So much for thought experiments. Now on to the story, the second of three Borges pieces this May. Here is fiction, speculation. The construction of a Total Library whose smallest unit is hexagon, and whose spatial dimension is infinite. Its outer shape is a sphere. The hexagonal rooms are interlinked with each other by staircases and doors. At one time librarians manned the hexagons by threes. Now the librarians are becoming extinct. There is an ongoing war inside the Library of Babel. There is an invisible hierarchy and constant power play. It is its own world, a beehive, a colony of bibliophiles, complete with history, replete with heroes and villains. There is the Crimson Hexagon, The Vindications, the Purifiers, the latrines, the unending ladders, the Book-Man, the Total Book, and so on. It is an illustrious repository of books in all languages, with its own alphabet and writing system (orthographic symbols), 25 symbols in all.

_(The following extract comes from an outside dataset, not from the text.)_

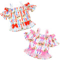 サマーコレクション第3弾、マリーンマフィー総柄オフショルダーTシャツ♥ 前開きボタンの肩紐付きオフショルダーTシャツ♥ ウエストシャーリングがちょっぴりお姉さんなシルエットにしてくれます★ ビビッドにはホワイトチュールと赤リボン、パステルにはペールピンクのチュールとリボン♪ フロントだけじゃなく、バックにもついているのがアースマジックスタイルです★ 肩紐には長さ調整ボタンもついています★ 総柄スカートとのセットアップはもちろん、デニムとの相性も◎ |

This puzzle-story is concerned with the architecture of the library just as much as with its contents. Not unlike Sudoku with infinite solutions, the library is a condominium of conceit, a monolithic edifice. As much concerned with the layout of the library as with its internal philosophy, this story can be seen as Borges’s homage to the unlimited possibilities of imagination, imagination derived from knowledge, knowledge derived from meanings, meanings from books, books shelved in libraries, libraries encased in hexagons. An imaginary construct then, whose totality is infinite and whose solutions to any conceivable problems of the world can be found. The location of the fountain of youth, the history of Atlantis, the art and architecture of El Dorado.

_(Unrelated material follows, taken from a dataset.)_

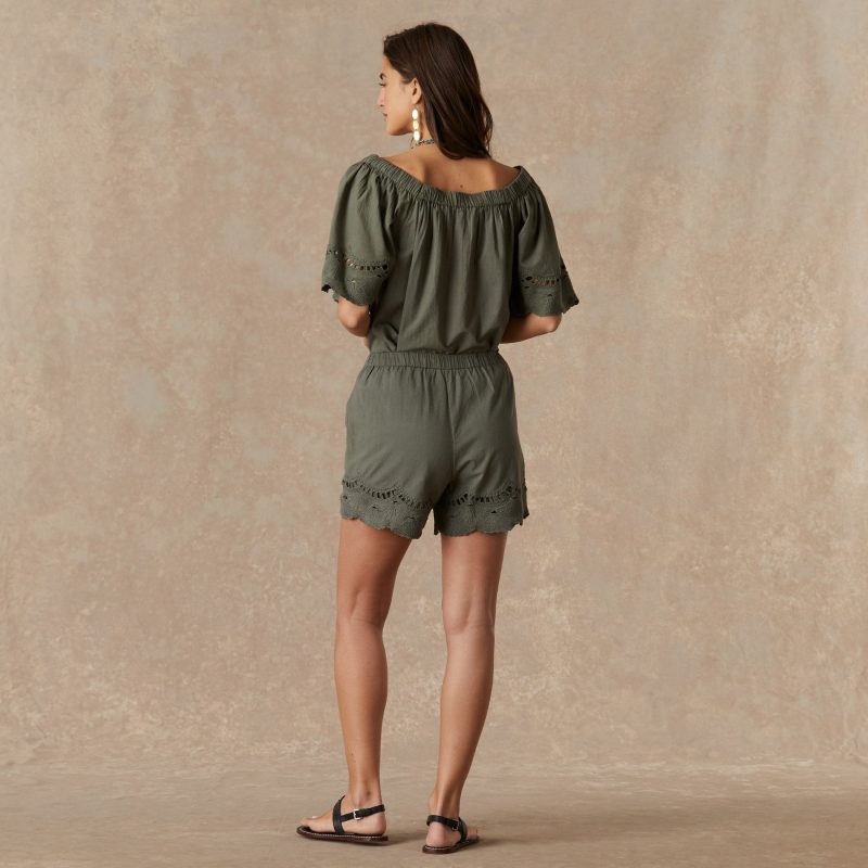 Cool and relaxed. these shorts match our Stevie top and have an elastic waist with tie. cut-out detail and embroidery. Cotton. Machine wash. Imported. Sizes XS (0-2). S (4-6). M (8-10). L (12-14). XL (16-18). XXL (20-22). 5 inseam. 13.5 leg opening.

The Library of Babel is a learned city with its own particularities, its own rules of the game. The story called "The Library of Babel" is a thought experiment, speculative fiction, an artist’s rendering of what is possible, the staggering diversity of information, its past history (a tautology*), its implications for the future (another tautology). Censorship, for example, is futile because all the books are replicated in one way or another. The Library of Babel celebrates the security and encryption of data storage. Think of encyclopedia, storehouse of knowledge, in a book of six faces, coded in a new language with 25 orthographic symbols. Think of Wikipedia, the online encyclopedia, housed in an ultra-secure physical dormitory. The Library of Babel and the story called "The Library of Babel" exist to be unraveled by the reader in his cubicle, to be searched and re-searched.
Books in themselves have no meaning – that is one of the dicta of the Total Library, in Andrew Hurley’s translation**. I agree. We must read them first, assiduously. To create meaning is not for the sake of books, nor for the writer of books. Come visit a library, rummage through the shelves, pick out a book, read. That may be the only way to stumble upon intermittent truths, find the clue to solve a mathematical conjecture, or learn about the lifestyle of a hidden god.

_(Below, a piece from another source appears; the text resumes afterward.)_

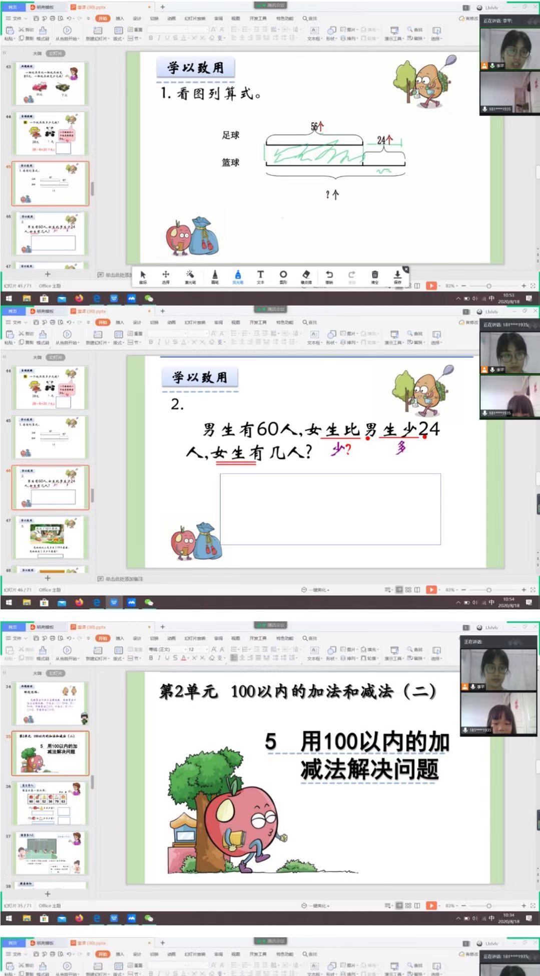 今天的内容是一百以内加减法的应用。学习目标是:①学会用加、减法解决‘比一个数多(少)几的数是多少’的实际问题。②尝试利用直观图来分析问题和解决问题。③在解决问题的过程中,理解数量间的关系,分清谁是大数,谁是小数。在学习过程中,我发现小廖同学在这方面掌握的很好,于是比我预计的速度要快了二十多分钟左右,于是我们提前进入了‘连加连减’的部分。目前小廖同学已经能基本掌握连加连减的计算方法及竖式的简便写法,并且能够正确的计算。

* "To speak is to commit tautologies. This pointless verbose epistle already exists … in one of the countless hexagons – as does its refutation." (p. 27, The Mirror of Ink)
** It is interesting to read this story in two translations by Irby and Hurley. One notes for example that the editor’s footnote is fictitious, written by Borges or whoever the designated editor of the story is. The identity of the narrator, who sounds like a prophet, is a mystery as well.
09 May 2010
"Pierre Menard, Author of the Quixote" (Jorge Luis Borges)
from Labyrinths by Jorge Luis Borges, edited by Donald A. Yates & James E. Irby, story translated by James E. Irby (New Directions, 1964 augmented edition)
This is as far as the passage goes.